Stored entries
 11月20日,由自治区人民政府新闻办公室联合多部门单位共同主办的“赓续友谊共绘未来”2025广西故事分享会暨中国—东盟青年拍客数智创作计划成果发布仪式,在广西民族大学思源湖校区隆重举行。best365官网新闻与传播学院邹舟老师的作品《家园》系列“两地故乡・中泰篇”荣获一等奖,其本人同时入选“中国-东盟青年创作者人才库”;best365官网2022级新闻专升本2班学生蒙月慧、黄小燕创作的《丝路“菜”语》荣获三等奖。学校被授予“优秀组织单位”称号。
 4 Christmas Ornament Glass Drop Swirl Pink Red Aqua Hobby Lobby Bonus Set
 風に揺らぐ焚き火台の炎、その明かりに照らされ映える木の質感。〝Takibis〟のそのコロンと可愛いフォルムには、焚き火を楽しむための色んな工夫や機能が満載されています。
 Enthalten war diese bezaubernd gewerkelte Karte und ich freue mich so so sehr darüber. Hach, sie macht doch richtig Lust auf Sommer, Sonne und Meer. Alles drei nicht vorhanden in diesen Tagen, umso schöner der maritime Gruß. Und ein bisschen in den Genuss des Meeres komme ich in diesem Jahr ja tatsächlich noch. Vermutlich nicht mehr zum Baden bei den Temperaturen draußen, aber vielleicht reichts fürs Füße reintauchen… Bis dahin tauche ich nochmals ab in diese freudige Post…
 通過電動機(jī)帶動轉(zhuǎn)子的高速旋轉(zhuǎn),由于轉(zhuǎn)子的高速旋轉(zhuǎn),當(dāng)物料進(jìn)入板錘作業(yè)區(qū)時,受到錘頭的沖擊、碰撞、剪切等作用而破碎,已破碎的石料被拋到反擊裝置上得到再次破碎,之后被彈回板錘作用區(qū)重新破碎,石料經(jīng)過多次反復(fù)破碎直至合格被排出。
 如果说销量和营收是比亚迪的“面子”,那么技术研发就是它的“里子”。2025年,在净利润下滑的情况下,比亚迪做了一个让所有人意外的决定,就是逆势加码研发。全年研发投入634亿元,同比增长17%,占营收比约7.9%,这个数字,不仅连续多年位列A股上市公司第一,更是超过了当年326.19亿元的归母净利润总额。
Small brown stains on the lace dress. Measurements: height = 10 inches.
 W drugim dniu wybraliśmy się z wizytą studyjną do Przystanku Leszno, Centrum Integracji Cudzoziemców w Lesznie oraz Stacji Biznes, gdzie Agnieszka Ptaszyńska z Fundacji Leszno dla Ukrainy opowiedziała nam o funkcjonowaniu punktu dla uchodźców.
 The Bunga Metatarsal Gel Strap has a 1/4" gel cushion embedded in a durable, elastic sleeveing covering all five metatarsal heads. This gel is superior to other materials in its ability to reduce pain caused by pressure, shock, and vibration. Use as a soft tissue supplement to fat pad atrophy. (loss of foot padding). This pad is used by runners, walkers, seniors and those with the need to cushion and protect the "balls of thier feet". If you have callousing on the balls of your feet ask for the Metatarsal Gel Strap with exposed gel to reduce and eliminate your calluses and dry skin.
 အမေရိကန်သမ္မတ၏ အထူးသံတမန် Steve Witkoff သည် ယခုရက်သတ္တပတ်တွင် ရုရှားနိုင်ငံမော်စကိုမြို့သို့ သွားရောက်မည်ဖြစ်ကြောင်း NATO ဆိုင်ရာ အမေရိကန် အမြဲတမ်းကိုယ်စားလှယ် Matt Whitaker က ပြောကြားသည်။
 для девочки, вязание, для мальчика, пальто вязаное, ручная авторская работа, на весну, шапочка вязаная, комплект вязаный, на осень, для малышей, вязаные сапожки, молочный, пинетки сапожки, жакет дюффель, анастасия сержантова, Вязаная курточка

:: Exercise description ::
Nothing but the lines from the one holding "Small brown stains" to the end of the entries should be returned, each exactly as it stands.

:: Written response ::
Small brown stains on the lace dress. Measurements: height = 10 inches.
 W drugim dniu wybraliśmy się z wizytą studyjną do Przystanku Leszno, Centrum Integracji Cudzoziemców w Lesznie oraz Stacji Biznes, gdzie Agnieszka Ptaszyńska z Fundacji Leszno dla Ukrainy opowiedziała nam o funkcjonowaniu punktu dla uchodźców.
 The Bunga Metatarsal Gel Strap has a 1/4" gel cushion embedded in a durable, elastic sleeveing covering all five metatarsal heads. This gel is superior to other materials in its ability to reduce pain caused by pressure, shock, and vibration. Use as a soft tissue supplement to fat pad atrophy. (loss of foot padding). This pad is used by runners, walkers, seniors and those with the need to cushion and protect the "balls of thier feet". If you have callousing on the balls of your feet ask for the Metatarsal Gel Strap with exposed gel to reduce and eliminate your calluses and dry skin.
 အမေရိကန်သမ္မတ၏ အထူးသံတမန် Steve Witkoff သည် ယခုရက်သတ္တပတ်တွင် ရုရှားနိုင်ငံမော်စကိုမြို့သို့ သွားရောက်မည်ဖြစ်ကြောင်း NATO ဆိုင်ရာ အမေရိကန် အမြဲတမ်းကိုယ်စားလှယ် Matt Whitaker က ပြောကြားသည်။
 для девочки, вязание, для мальчика, пальто вязаное, ручная авторская работа, на весну, шапочка вязаная, комплект вязаный, на осень, для малышей, вязаные сапожки, молочный, пинетки сапожки, жакет дюффель, анастасия сержантова, Вязаная курточка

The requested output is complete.